Kuatkanlah benar-benar hatimu dalam memelihara dan melakukan segala yang tertulis dalam kitab hukum Musa, supaya kamu jangan menyimpang ke kanan atau ke kiri

Yosua 23 : 6

"Perolehlah hikmat, perolehlah pengertian, jangan lupa, dan jangan menyimpang dari perkataan mulutku" - Amsal 4 : 5

Saudara yang terkasih,
Dalam kesempatan hari libur yang lalu, kami sempat menemani anak-anak untuk pergi bermain di sebuah pusat permainan. Disitu ada permainan berupa mobil go-car. Semacam balapan mobil yang areanya luas dan semuanya diatur dengan cara mirip seperti balapan mobil beneran. Satu orang naik satu mobil, pakai helm, persis seperti pembalap. Tetapi ada hal yang beda dengan acara balap mobil yang sesungguhnya. Kalau ada sebuah ‘mobil mainan’ yang nyetirnya ngawur dan nabrak-nabrak, maka dari pusat kecepatan mobil itu akan di’pelan’kan oleh operator, tidak bisa ngebut lagi seenaknya sendiri (walaupun tetap ada pedal gas dan rem yang bisa diinjak). Ini dilakukan untuk menghindari kecelakaan yang lebih buruk lagi, walaupun memang, namanya cuma permainan, mobil itu sekelilingnya sudah dipasang bemper empuk seperti boom-boom car.
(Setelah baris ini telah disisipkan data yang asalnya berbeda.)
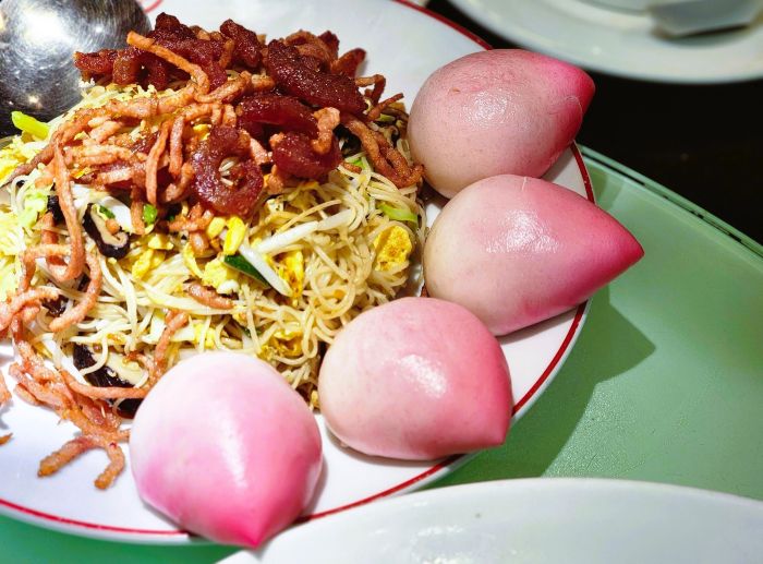 ผัดหมี่อายุมั่นขวัญยืนและซิ่วท้อ… ผัดหมี่เครื่องแน่นกุ้ง แฮม โดยเส้นหมี่แทนเส้นทางชีวิตที่ต่อเนื่อง อวยพรให้การค้าขายรุ่งเรือง การงานราบรื่น ในขณะที่ ซิ่วท้อ โหลเห่ โหลเห่ โหลเห่ สีสันสวยงาม สอดไส้ครีม หอมอร่อย
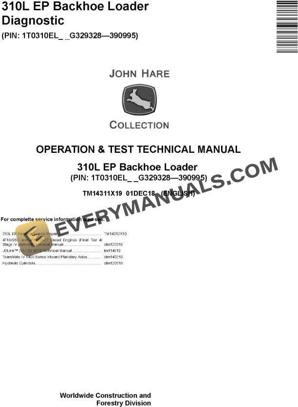 John Deere 310L EP Backhoe Loader Operation Test Technical Manual TM14311X19
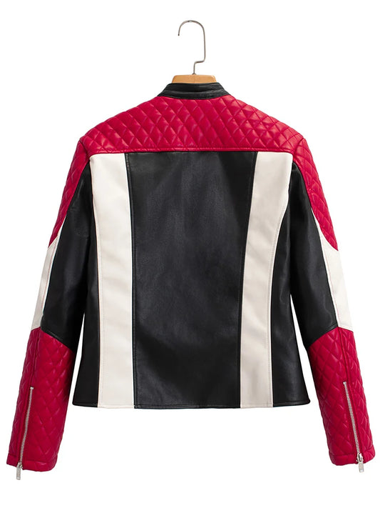 Fitaylor Autumn Winter Women Faux PU Leather Coat Casual Lady Red Motorcycle Jacket Vintage Lapel Short Biker Jacket
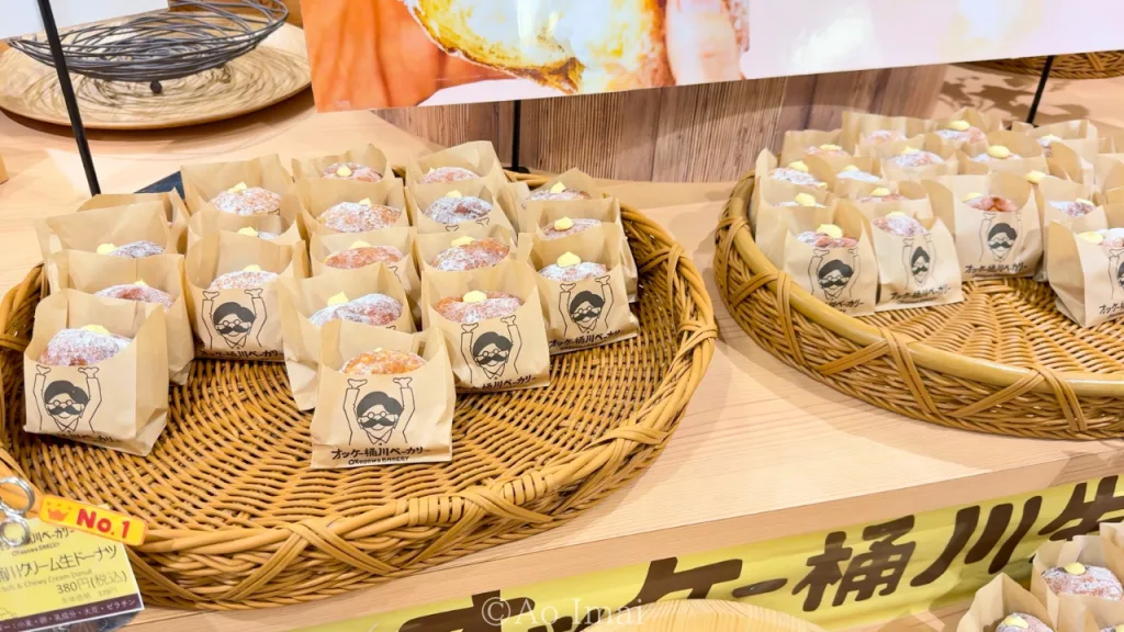 このコーナーの看板メニューが「オッケー桶川クリーム生ドーナツ(220円〜)」。作りたてが出る時間には10〜20人の行列ができることも珍しくないほどの人気商品です。
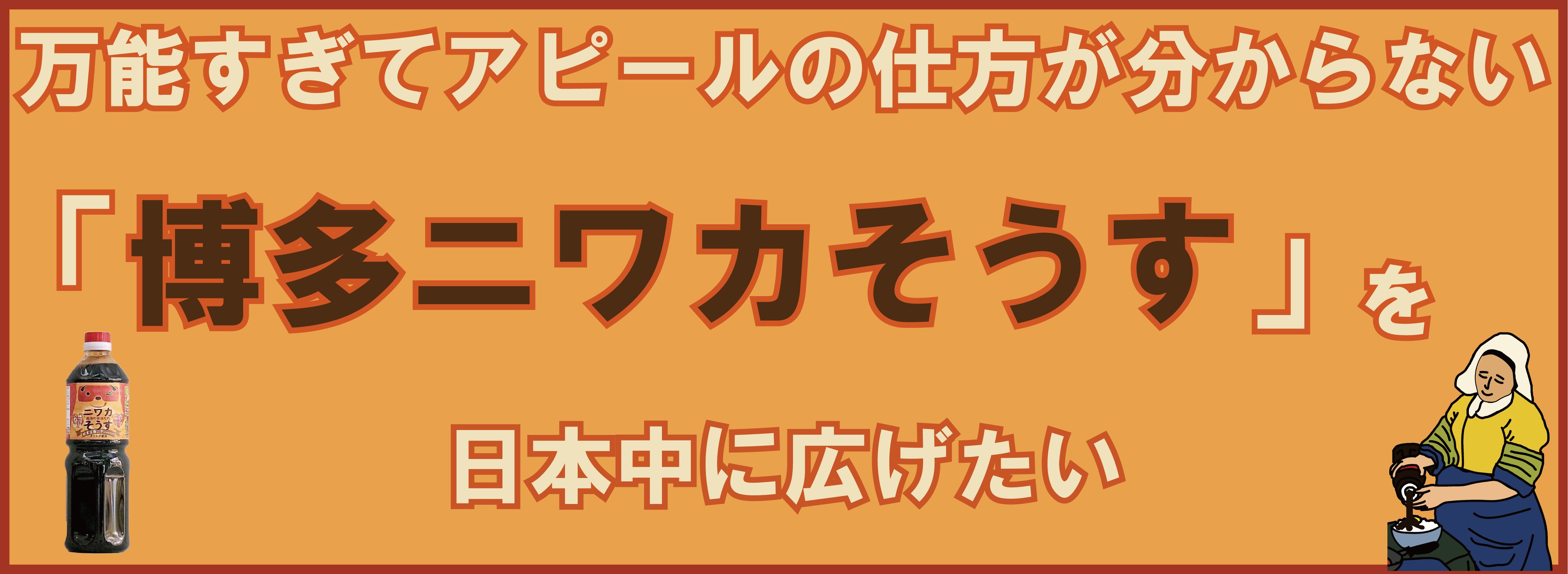 実行者:オリジナルブランド「FOG」を展開する福岡の企業1954年の創業から現在に至るまで、建設資材、テント事業、鉄鋼・ステンレス製品、建築建物、各分野で培ってきた歴史と経験を新しい発想のギアに集約。今回はタケシゲ醤油の1ファンとして、「博多ニワカそうす」の虜にされたあの時の、あの衝撃を世界に広めたく思いページ作成、デザイン、リターン品の設定や準備など、タケシゲ醬油様の力になれるようプロジェクトの実行をさせて頂いております。
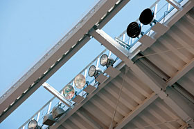 メインスタンド取付器具は,屋根上部に設置するのではなく,スタンド屋根下に配置することにより,昼間の景観上,照明器具が目立ちにくく配慮されている。これにより,夜間の上空へ漏れる光を抑制でき,器具の点検は,メインスタンド屋根に設けられた開口部またはキャットウォークより行えるようになっている。図2,図3,図4,図5に照明器具設置状況を示す。
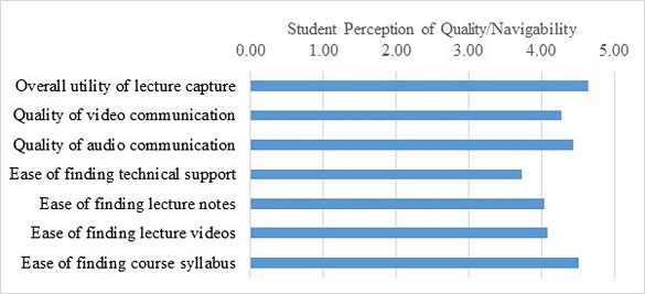 Students also found the course site to be relatively easy to navigate using the LMS. The course syllabus (4.52), lecture notes (4.04), and lecture capture video (4.08) all scored highly in this regard. One noted limitation was the students’ ability to effectively engage technical support, particularly when problems arose with respect to the lecture capture video (3.74). This is an area where the instructional support organization can focus on improvements for future offerings.
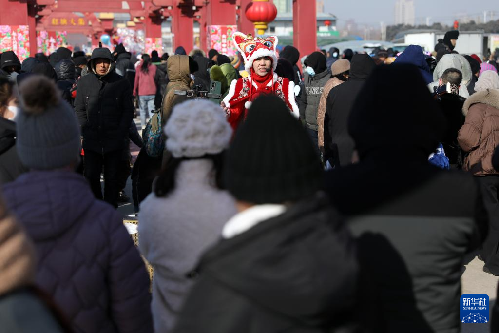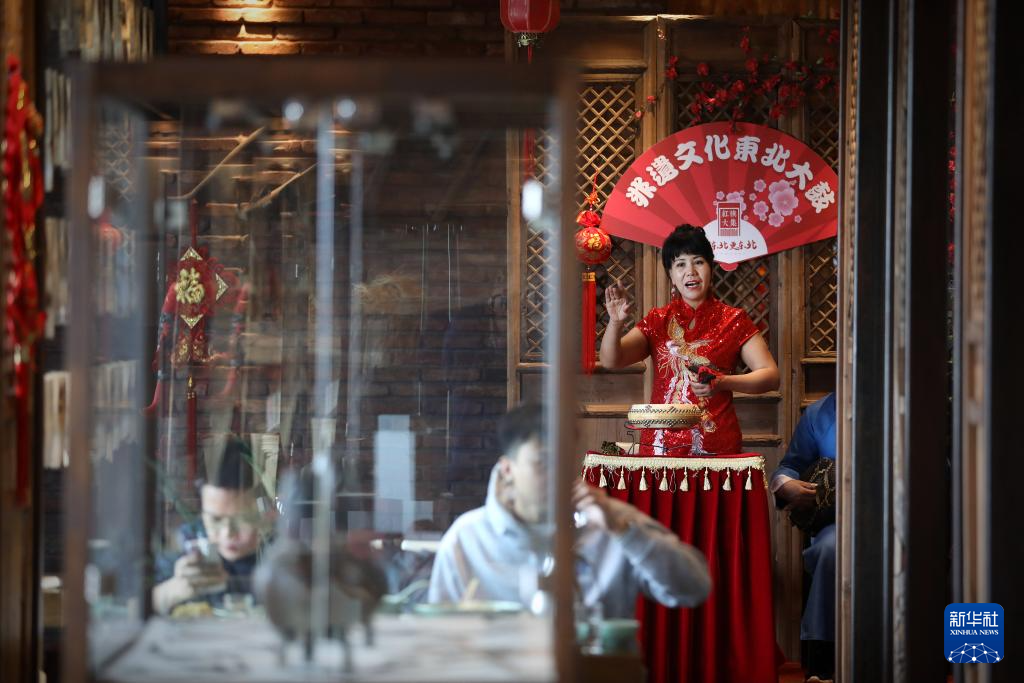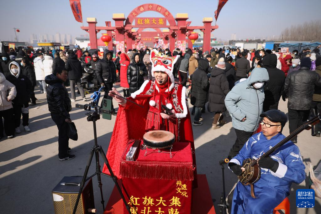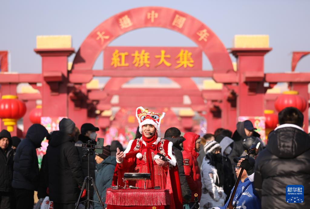 2月2日,王艳娟在辽宁省营口市鲅鱼圈红旗民俗大集上表演东北大鼓(无人机照片)。

Hanya tidak untuk ditabrakkan seperti main boom-boom car.
Saudara, sadar atau tidak sadar, di dalam menjalani hidup ini, semua sudah ada yang mengatur. Memang kita diberi kehendak bebas, boleh melakukan apa saja sesuka hati, tetapi kalau yang kita lakukan keblabasan, pasti ada ‘rem’ yang tidak kasat mata yang akan memberhentikan kegiatan kita yang tidak benar. Ada TUHAN yang selalu mengawasi dan menilai semua yang kita perbuat. Ada Hukum TUHAN yang PASTI akan berjalan, bila kita melangkah keluar dari jalur yang seharusnya kita lewati. Apalagi bila hidup sudah nabrak ke kanan atau kiri, pasti Hukum TUHAN ini akan berlaku atas kita. Dan disiplin TUHAN ini secara langsung bisa kita rasakan, tentu itu sangat tidak menyenangkan.
Jadi kesimpulannya, lakukanlah yang baik, berjalanlah sesuai jalur yang ditetapkan untuk kita lakukan. Janganlah menyimpang ke kanan atau ke kiri, apalagi dengan sengaja melanggar aturan yang sudah TUHAN tetapkan. Berjalanlah di dalam damai sejahtera dan di dalam BERKAT BESAR yang TUHAN sudah sediakan untuk kita, maka perjalanan hidup ini akan terasa penuh sukacita saat kita lewati.

Ary dan Ester Handoko

Sebab kamu telah dibeli dan harganya telah lunas dibayar : Karena itu muliakanlah ALLAH dengan tubuhmu !

I Korintus 6 : 20

Saudara yang terkasih, 

Ada sebuah toko sepatu bermerk di mall mengadakan diskon. Pertama diskon diluncurkan, bunyinya : Buy 1 Get 1 Free. Jarak beberapa minggu, program diskonnya berubah menjadi : Discount 50 % all item. Selang satu dua minggu, tulisan promonya menjadi 70 % all item. Dan ini terjadi di semua cabang toko itu di mall-mall yang berbeda. Jadinya konsumen yang pernah beli dengan harga normal, atau beli berdesak-desakan dengan pembeli lain tatkala promonya berbunyi : Buy 1 Get 1 merasa agak kecewa. Jadi harga sebenarnya berapa ? Harganya kemahalan dong waktu saya beli dulu. Atau mungkin toko itu mau bangkrut dan tutup, makanya barang-barangnya didiskon keras.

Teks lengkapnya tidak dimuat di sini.